А почему рот открыть? — спросите вы. Потому что во рту можно спрятать что-то острое. Потому что смертельно опасно иметь дело с людьми, которым нечего терять.

Олег спросил Рычкова — а почему «Черный дельфин»?

Там, оказывается, у входа застыли в прыжке два черных дельфина — на хвосте, в человеческий рост. Тамошняя охрана так считает: черный дельфин — это осужденный, который ныряет сюда и больше не выныривает.

Рычков не сказал ему, что директор колонии с этим красивым названием сказал приехавшему корреспонденту так: «Зря вы вообще приехали о них писать. О них не надо писать, их надо просто забыть. Вычеркнуть этих людей из памяти. Считайте, что они уже не на Земле, считайте, что они уже в космосе».

Так что здесь, в Потьме, было еще терпимо.

Олег примеривался — а сколько он-то сам сможет вытерпеть?

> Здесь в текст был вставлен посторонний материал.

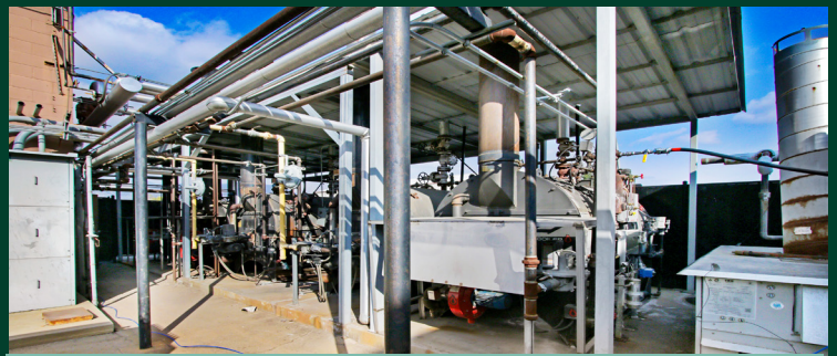
Boiler & Process Infrastructure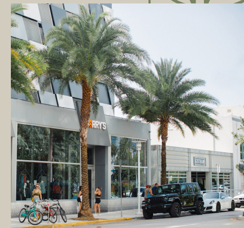
SUNSET HARBOUR Miami, FL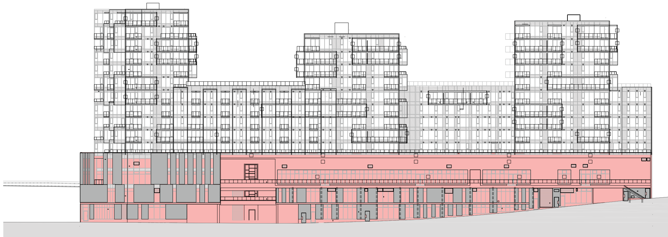
Raymur Level - North Exposure

The first ever industrial, retail, office and residential mixed-use development in North America

Больше двух лет никак у него не получалось — воображение отказывало.

Наверно, тем, кто сидят здесь за настоящие убийства, легче, — думал Олег. Им есть о чем подумать. Если кто может думать, конечно. О том, что в голове у тех, кто сидит за каннибализм — по-русски людоедство, — или за изнасилование и убийство детей, Олег размышлять не мог и не хотел.

Ему самому думать в камере было, в сущности, не о чем. Преступлений он не совершал — раскаиваться было не в чем. Да, он, задыхаясь в противогазе с зажатой трубкой, закричал в милиции: «Сознаюсь, сознаюсь!» — хотя ничего этого он не делал. В чем тут было раскаиваться? Это они пусть раскаиваются. Если, конечно, у них сохранился в душе хоть маленький кусочек совести.

О чем еще мог думать Олег Сумароков? Будущего, которое обычно занимает мысли молодых людей, у него больше не было. Он мог только жалеть всех подряд — Анжелику, тетю Грушу, бедную свою маму. Без своей единственной сестры Груши, скончавшейся в одночасье, и без него, единственного сына, сколько она проживет?..

И еще Олег думал о тех, кто убивает других людей. Ну ладно, расстрела теперь нет. Но как же эти негодяи, которым чужой жизни не жалко, о своей-то жизни не заботятся? Ведь сколько веревочке ни виться, любила говорить тетя Груша, конец ей будет. Все равно сюда-то — в Потьму или в «Черный дельфин» — рано или поздно попасть таким вполне реально. Почему ж они об этом реальном варианте совсем не думают, когда людей убивают?

Открылась дверь, в камеру Олега принесли еду. Он сел к столику, начал медленно есть.

А надзиратель Рычков стоял над ним и молчал, размышляя — сказать или нет. И наконец решил сказать.

— Похоже, в твоем деле подвижки какие-то появились.

Олег поднял голову от миски и долго смотрел на Рычкова. Наконец выговорил:

— В моем деле подвижкам неоткуда взяться. Вернее — не от кого.

— Значит, нашлось — от кого. Девочка будто бы какая-то невиновность твою доказывает… Вроде успешно.

Рычков помолчал.

— Убийц вроде бы нашла.

Он вышел и запер за собой дверь. А Олег долго сидел и молча смотрел прямо перед собой.

Глава 14. Степан

Степка родился на Алтае, в Чемальском районе. И дальше Горно-Алтайска, где бабушка его преподавала в университете, никуда еще не ездил. Если же говорить о том, что он за человек, то первым делом надо, наверно, сказать вот что: Степану очень нравилось учиться. С самого первого класса. Для кого уроки учить — мученье, а для него — удовольствие. Даже мать удивлялась — ребята на улицу зовут, а он головой мотает: потом! Ему учиться интересно! Говорит: «Новое же каждый день узнаешь». Мать ушам прямо не верила — надо же!